Interesting, thank you very much. So the error obviously lies in max pooling node features, but why? :(

dhorka commented 5 years ago

I do not know :( I am cleaning a little bit the code(there are a lot of prints xD) before push it. I will try during the morning to change this max pool layer to an average pool and check if we have the same behavior. I will notify you when I push the code.

rusty1s commented 5 years ago

This is for CPU only? It might be good to test both, CPU and GPU.

dhorka commented 5 years ago

I'm testing on GPU. ECC in CPU is very slow.

dhorka commented 5 years ago

Confirmed, in avg_pool I obtaining the same problems using GPU:

Sum avg_pool ecc 2975.3457 Sum avg_pool pygeometric 1664.9924 Difference between features of avg_pool1 1310.3533 Size positions ecc: (398, 3) Size positions pyg: (398, 3) Sum positions ecc: 16834.863076248243 Sum positions pyg: 16834.863076248246 Difference positions: -3.637978807091713e-12

Maybe it is related with the flow? I am not sure if the max and avg operation are affected with the flow direction

rusty1s commented 5 years ago

Interesting, I look into this in a minute.

dhorka commented 5 years ago

Sorry for the delay, I had problems to push the code to git I do not know why :( Here you can find the code updated.

rusty1s commented 5 years ago

Thank you. For me personally, node features are not the same when using avg_pool and AGGR_MEAN respectively.

dhorka commented 5 years ago

What do you mean of using avg_pool and AGGR_MEAN?

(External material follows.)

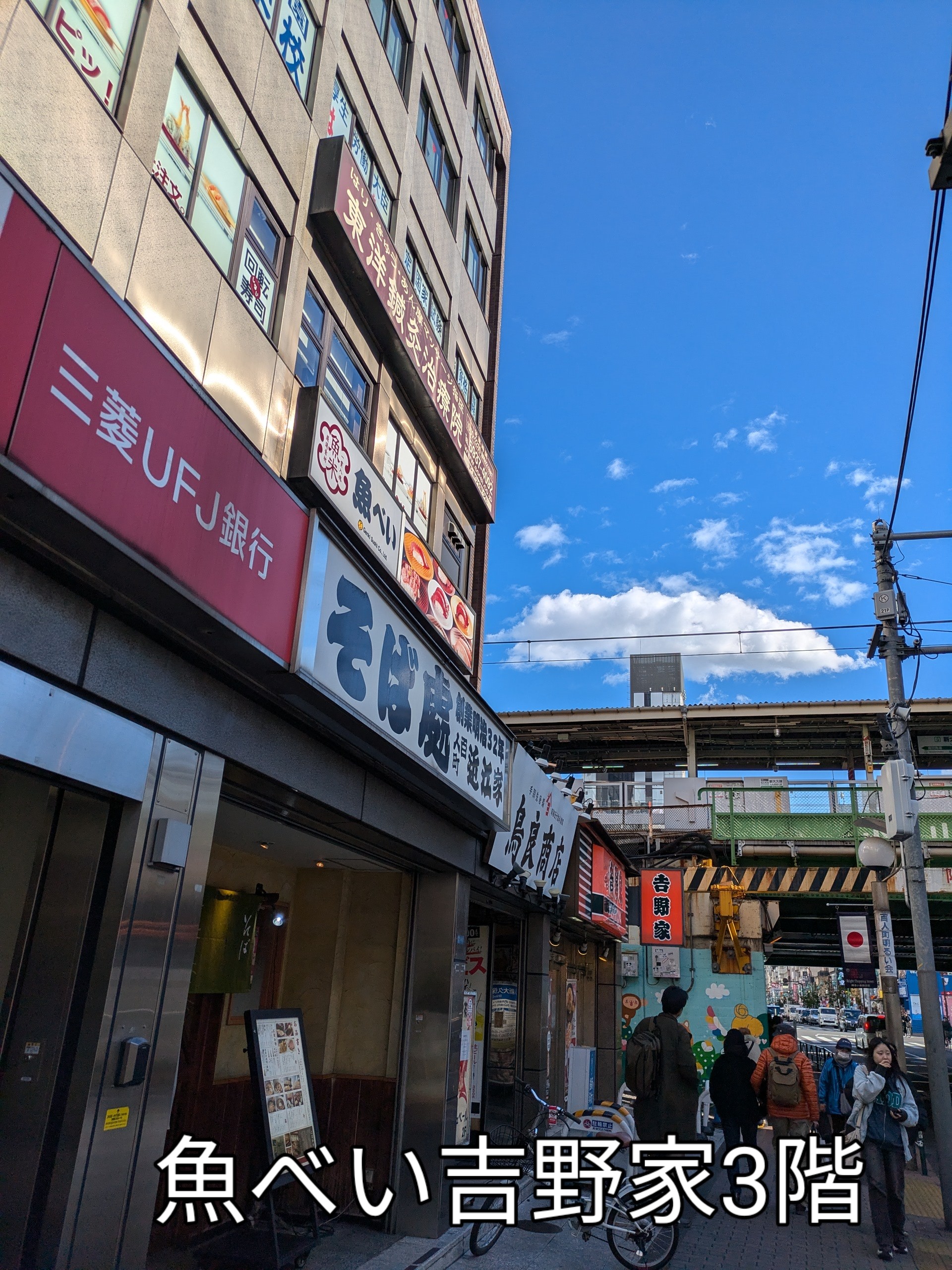 魚べいさんの入口には三菱UFJ銀行がありました ガードの手前です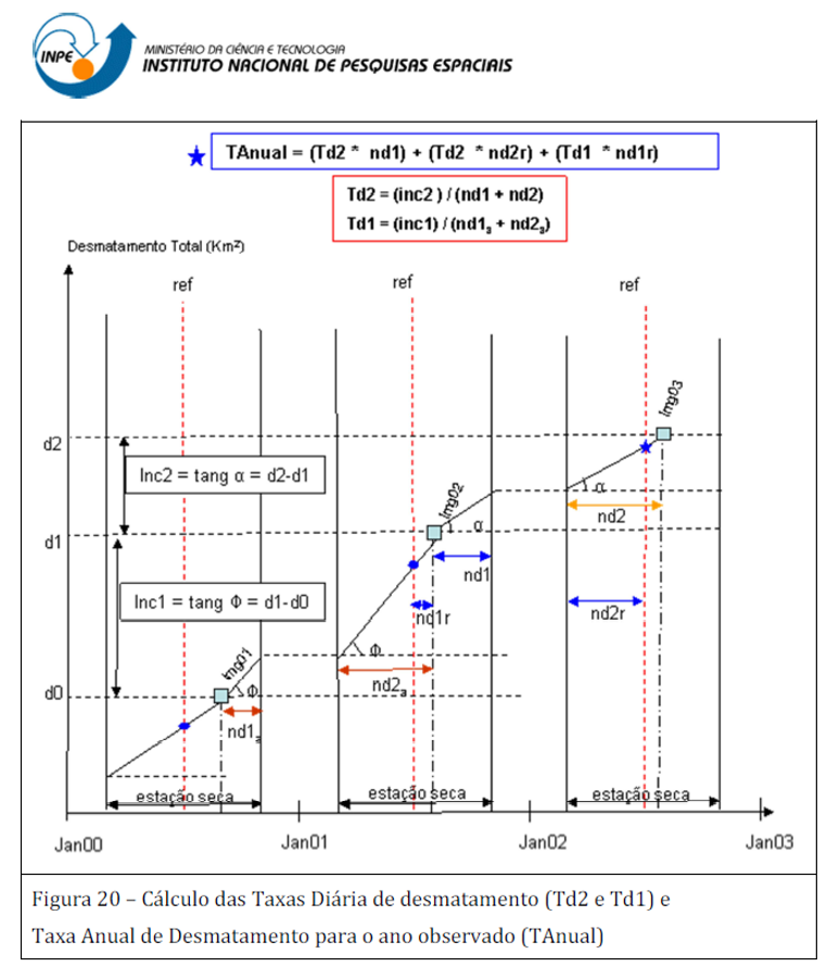 No relatório com a metodologia para o cálculo das taxas anuais, o segundo passo é descrito de forma bastante superficial. Mostra-se apenas um caso específico, onde todas as datas de referência e as imagens de satélites utilizadas estão dentro dos períodos de seca. Não entrarei em detalhes aqui, porém existem vários outros cenários possíveis. Especificamente, o relatório diz na página 30 que:

rusty1s commented 5 years ago

I'm sorry, I misread your previous comment.

rusty1s commented 5 years ago

This seems like a bug in the ECC implementation.

dhorka commented 5 years ago

If we are sure about that, for my side that it is all. =)

rusty1s commented 5 years ago

Mh, cluster indices seem still to be different.

dhorka commented 5 years ago

Uhmm, positions are correct and indices are wrong?